---
name: deep-learning-lab
description: Scaffold an auditable, reproducible deep-learning research project (configs, dataset provenance, artifacts/runs/<tag>/) designed to interoperate with research-team + research-writer paper drafting.
---

# Deep Learning Lab

This skill bootstraps a deep-learning research project with **reproducibility-first** defaults:
- deterministic run metadata (seed/config/env),
- an `artifacts/runs/<tag>/` layout compatible with `research-writer`,
- and a lightweight “knowledge base” folder for audit trails (data, decisions, literature).

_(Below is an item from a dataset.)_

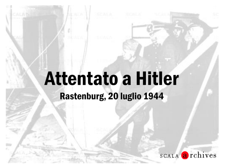 Attentato a Hitler Rastenburg, 20 luglio 1944 Claus Philipp Maria Schenk Graf von Stauffenberg (Jettingen-Scheppach, 15 novembre 1907 – Berlino, 21 luglio 1944) è stato un militare tedesco passato alla storia per il ruolo di primo piano che svolse nell'attentato del 20 luglio 1944 contro Adolf Hitler e nel successivo tentativo di colpo di stato. In occasione del film “Valkyrie” diretto da Bryan Singer e interpretato da Tom Cruise nel ruolo del colonnello tedesco, SCALA vi propone la storia dell’attentato attraverso le immagini storiche provenienti dagli archivi fotografici tedeschi. [Film in uscita in Italia il 27 febbraio 2009] Il colonello Claus Graf Schenk von Stauffenberg 1934. Cod. B007668 2 Sinistra: Matrimonio di Carl e Nina Stauffenbergs, 26 Settembre 1933. Cod.B007660. Destra: Claus Graf Schenk von Stauffenberg a cavallo. 1934. Cod. B007663 3 Nonostante non avesse mai pienamente aderito al nazismo, Claus von Stauffenberg combatté la Seconda Guerra Mondiale in Africa col grado di colonnello. In seguito all’esplosione di una mina il 7 marzo 1943 von Stauffenberg perse la mano destra, l'occhio sinistro e due dita della mano sinistra. Ciononostante continuò a prestare servizio nell’esercito ma con convinzioni sempre più anti-naziste. Egli si era infatti reso conto che il III Reich stava conducendo la Germania in un baratro dal quale difficilmente sarebbe riuscita a rialzarsi e che non c’era tempo da perdere: era necessario agire, per salvare la patria dalla distruzione. Claus Graf Schenk von Stauffenberg (a sinistra) con Albrecht Ritter Mertz von Quirnheim nel cortile dell'edificio del Alto Commando dell'Esercito Tedesco nella Bendlerstrasse. Cod. B007664 4 La congiura degli ufficiali tedeschi contro il Führer condusse all'attentato fissato per il 20 luglio 1944 nel cuore del quartier generale di Rastenburg, detto Wolfsschanze (Tana del lupo), luogo da cui Adolf Hitler seguì le operazioni della seconda guerra mondiale dal 24 giugno 1941 fino al 20 novembre 1944. Stauffenberg aveva infatti libero accesso alle riunioni dello stato maggiore, e fu proprio in una delle sale riunioni (la Lagebaracke) che egli entrò il 20 luglio 1944, nascondendo Adolf Hitler con membri dell'organizzazione Todt nel quartier generale nella sua valigetta un potente esplosivo del Führer "Wolfsschanze". 1941. Cod. B007673 a scoppio ritardato. Si sedette nelle vicinanze del Fuhrer, azionò il detonatore, posizionò la valigetta a terra e si allontanò dalla stanza. Alle 12:42 avvenne la terribile esplosione che devastò la stanza, seminando morte e terrore tra i presenti. Stauffenberg, convinto della riuscita del piano decollò per Berlino per completare l’operazione Walkiria con la proclamazione dello stato d’assedio ed il contestuale disarmo delle SS da parte della Wehrmacht, la quale, dopo aver riportato l’ordine, avrebbe consentito a Carl Goerdeler di assumere la guida della Germania. 5 Hitler invece, sconvolto e sotto shock, riuscì miracolosamente a salvarsi. Sinistra: Lastra di Hitler 19 - 24 Settembre 1944 (Seconda Guerra Mondiale Fronte orientale) Cod. B007632. Destra: Elettrocardiogramma di Hitler del 24/9/1944 (Seconda Guerra Mondiale Fronte orientale) (Diagnosi: "coronarie livello 4") Cod. B007633 6 Lo stesso giorno fu infatti in grado di ricevere il duce Benito Mussolini che vide di persona l’entità dell’attentato visitando il luogo dell’esplosione. Nel frattempo i contatti tra Rastenburg e Berlino vennero interrotti, facendo definitivamente fallire il piano di Stauffenberg. Adolf Hitler mostra a Benito Mussolini (a sinistra) la "Lagebaracke" distrutta nella "Wolfsschanze" dopo l'attentato del 20 Luglio 1944 . Cod. B007662 7 Rastenburg, Ketrzyn, FHQ Wolfsschanze. Uniformi strappate durante l'attentato 20.Luglio1944 (Seconda Guerra Mondiale Fronte orientale) figura intera in piedi. Cod. B007619 8 Hitler visita i feriti, Fine Luglio - Fine Settembre 1944 (Seconda Guerra Mondiale Fronte orientale) (Hitler in uniforme, von Puttkamer sdraiato a letto) Cod. B007624 9 Aiutante capo di Hitler Rudolf Schmundt. 1944/10. Morto in seguito all'attentato del 20 Luglio 1944, qui sul letto di morte al lazaretto a Rastenburg. Cod. B007669 10 Rastenburg, Ketrzyn, FHQ Wolfsschanze. Briefing 20Luglio -Metà Agosto 1944 (Seconda Guerra Mondiale Fronte orientale) Foto di gruppo (Di Profilo von Below Hitler in uniforme con cappello) . Cod. B007621 11 Immediatamente i congiurato vennero identificati e arrestati dalle SS e dalla Gestapo. Vennero torturati e fucilati la notte stessa. Per placare la sete di vendetta del Führer, non solo i congiurati ma tutti i membri delle famiglie dei colpevoli dovevano essere eliminati. I parenti e anche chi aveva solo la disgrazia di condividere il nome dei congiurati vennero arrestati, processati e giustiziati. I processi si svolgevano dinanzi al Volksgerichtshof, il tribunale militare, presieduto da Ronald Freisler, fervente nazista, il quale dopo pochi minuti, emetteva la sentenza di condanna. Berthold Graf Schenk von Stauffenberg, fratello di Claus Graf Schenk von Stauffenberg, imputato davanti al tribunale del popolo nel 1944. Cod. B007659 12 "la cosa importante è dimostrare davanti al mondo e davanti alla storia che il movimento di resistenza tedesco è esistito e che ha osato passare all'azione, a prezzo della vita". Claus von Stauffenberg Lapide commemorativa nella Stauffenbergstraße con i nomi dei giustiziati, morti per la patria il 20 Luglio 1944. Cod. B007670 13 Scala Picture Library Via Chiantigiana 62 / I 50012 Bagno a Ripoli (Firenze) tel: +390556233200/216/257/265 Fax +39055641124 E-mail: [email protected] www.scalarchives.com

It is intentionally framework-agnostic: you can implement training in PyTorch/JAX/TF later, but the *research hygiene* scaffolding stays the same.

## One-shot scaffold

```bash
python3 scripts/bin/dl_lab_scaffold.py --out /path/to/new-project --name my-dl-project
```

Then generate a demo artifacts run (to validate wiring):

```bash
python3 /path/to/new-project/scripts/make_artifacts.py --tag M0-demo
```

## Artifact contract (interoperability)

To interoperate with `research-writer`, prefer:

- `artifacts/runs/<TAG>/manifest.json` with:
  - code version (git commit), environment, dataset provenance, hyperparameters, seed
  - `outputs`: list of produced files (`path` relative to project root)
- `artifacts/runs/<TAG>/summary.json` with:
  - `metrics` (stable flat dict): parseable numbers for eval/regression
  - `metric_definitions`: definitions/units/higher-is-better
  - `best_checkpoint`: pointer to the selected checkpoint artifact
- `artifacts/runs/<TAG>/analysis.json` with:
  - `results` (flat dict): headline numbers (metrics) that can be quoted in the paper

All quoted numbers in the paper must point to `analysis.json:results.<key>`.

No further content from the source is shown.